Rifle deer hunt three years ago. My dad spent his 50th birthday with me up in the mountains chasing deer. He enjoys it because I'm an addict, but without me he would have spent his 50th doing something else I'm certain of it. We did the usual guys only stuff, and ate the most greasy unhealthy meals you could think of. My dad's birthday was on Sunday, day two into the hunt. I shot my deer just before sunset on his birthday. He shot his Tuesday in an interesting manner. We ride our four wheelers for about 40 minutes up to the top of the mountain, then hike down in for a good hour and a half to get to our favorite canyon almost every morning we hunt. We saw some deer, but couldnt put horns on any of them. We had to be home later that evening. Riding back to clean up camp about 230 in the afternoon we were planning our next visit back up to try and get his deer. We were nearly back to camp in a place where I had never seen any sign of deer before. We were moving along at a fairly rapid rate sure that this trip war over. I looked over into some sagebrush and saw two ears looking at me. I stopped and showed my dad the obvious doe not 20 yards away. When we got off for a closer look a good half dozen deer stood. My dad shot his biggest deer of his life not 20 yards off a heavily traveled road. It wasn't anything huge, but once we got the deer loaded onto the bike he turned to me and said that he would never forget his 50th birthday.
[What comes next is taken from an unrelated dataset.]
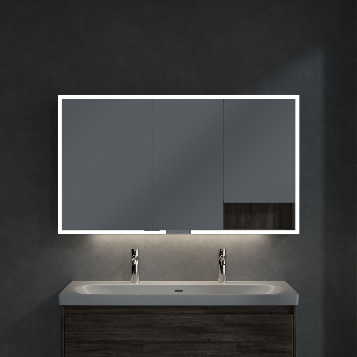 Pentru cei care au nevoie de și mai mult spațiu de depozitare, recomandăm combinarea dulapului cu oglindă My View+ cu mobilier suplimentar pentru baie – colecția de mobilier Skyla de la Villeroy & Boch se potrivește perfect din punct de vedere al designului și stilului. Așa arată un design modern și armonios pentru baie!
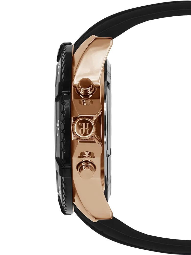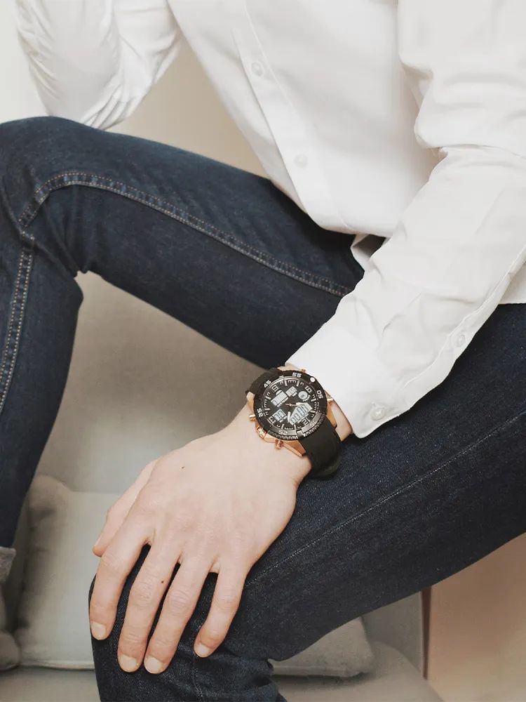 Ремешок выполнен из прочного силикона, обеспечивая комфорт при носке и добавляя модели спортивный характер. Толщина корпуса составляет 17 мм, что придаёт часам солидный вид.

Awesome memory  .


----------



## Califbowmen (Jul 1, 2008)

Every hunt that I went on with my Father until his death in 1995. Now I hunt with a whole new group of friends and look forward to archery hunting in Utah and seeing some great people that I have met there during the last 6 years.


----------



## proutdoors (Sep 24, 2007)

Califbowmen said:


> Every hunt that I went on with my Father until his death in 1995. Now I hunt with a whole new group of friends and look forward to archery hunting in Utah and seeing some great people that I have met there during the last 6 years.


Getting close my friend!

My favorite hunt was last year on my LE archery elk hunt. It was also the most difficult 3 weeks of my life, but I was with great friends who helped me through some hard times with laughs and hard hunting. Although I didn't fill my tag, the time spent with good people on my favorite mountain on the planet. I had good friends become great friends, strangers become good friends, and I gained a deeper appreciation for the blessing of good friends and being able to spend time in the hills. I never came close to killing an elk, but I think about that hunt every day.


----------



## mikevanwilder (Nov 11, 2008)

All my hunts are my favorite. Anytime I can get out and hunt anything I will be in heaven.
But if I had to choose it would be the time I went with my father when I was about 12 down by Monticello we seen so many deer and had a blast chasing them he ended up getting a little 3 point. 
I guess another one would be last year when I got my first coyote.


----------



## shotgunwill (May 16, 2008)

I'm gonna have to go with Wyoming antelope. THERE'S JUST SOOOO MANY!!!!


----------



## hunting124 (Sep 3, 2009)

I hardly remember when was my first hunt long years ago, but I prefer to love hunting deers. They were so much been really challenging and that's what I love.


----------



## USMARINEhuntinfool (Sep 15, 2007)

First deer hunt for me. My old man had a heart attack in August that year. He still wanted to take me out for my first hunt. He let me sluff school after a doctors appointment and we headed up into the hills. We had to stay fairly close to the road due to his health. He dropped me off and let me hike to where he would set up. After a push or two, I went up and sat next to him and just talked for a while. He decided he wanted to try a push for me. He took about 2 steps down the hill and a small buck jumped up. I decided to walk with him after that. We pushed through the quakies and that then I heard a "Crack" "its a big one". I ran up a little hill pulled my gun up found the ears and antlers. "Crack" right in the back of the head, he was at just over 200 yards dead run up hill. It was "awesome". Never forget it. I guess any hunt with my old man. I really enjoy it. He kinda stopped doing a lot of the hunting we used to do together when I left for the Corps. Little brothers didn't drag him out like I used to I guess. I plan on changing that this year.


----------



## cowmilker (Dec 17, 2008)

I have to comment. You guys telling us about hunting with your Dad's are the kind of thing that keeps me coming back to this forum. Keep those stories coming! If any of you have not taken advantage of hunting with your Dad, DO IT. You never know when you will loose that opportunity. All I have left is BEING the Dad, it's good too, but not the same.


----------



## wasatchmtnbike (Oct 16, 2007)

My favorite hunt was about 9 years ago. I had been talking about the Hunt all year long and when it came time to go, my kids decided they wanted to tag along so I decided to give the wife a few days rest and took them with me. We all fit into my little Toyota reg cab pickup. Me, my 9 yr old daughter, 7 yr old son, and my 2 yr old son. We were packed in pretty tight and we had all our gear so we headed for the hills. We stopped to buy some treats and that kept them entertained for a while. Once we got to our area we had to drive up a pretty rough and bumpy road to get there, my 7 yr old son was on the end and as we creeped up the road he kept bumping his head on the window, after this happened a couple of times my daughter started giggling about it, and when she laughs I can't help but laugh also, pretty soon we were all laughing all the way up the road. 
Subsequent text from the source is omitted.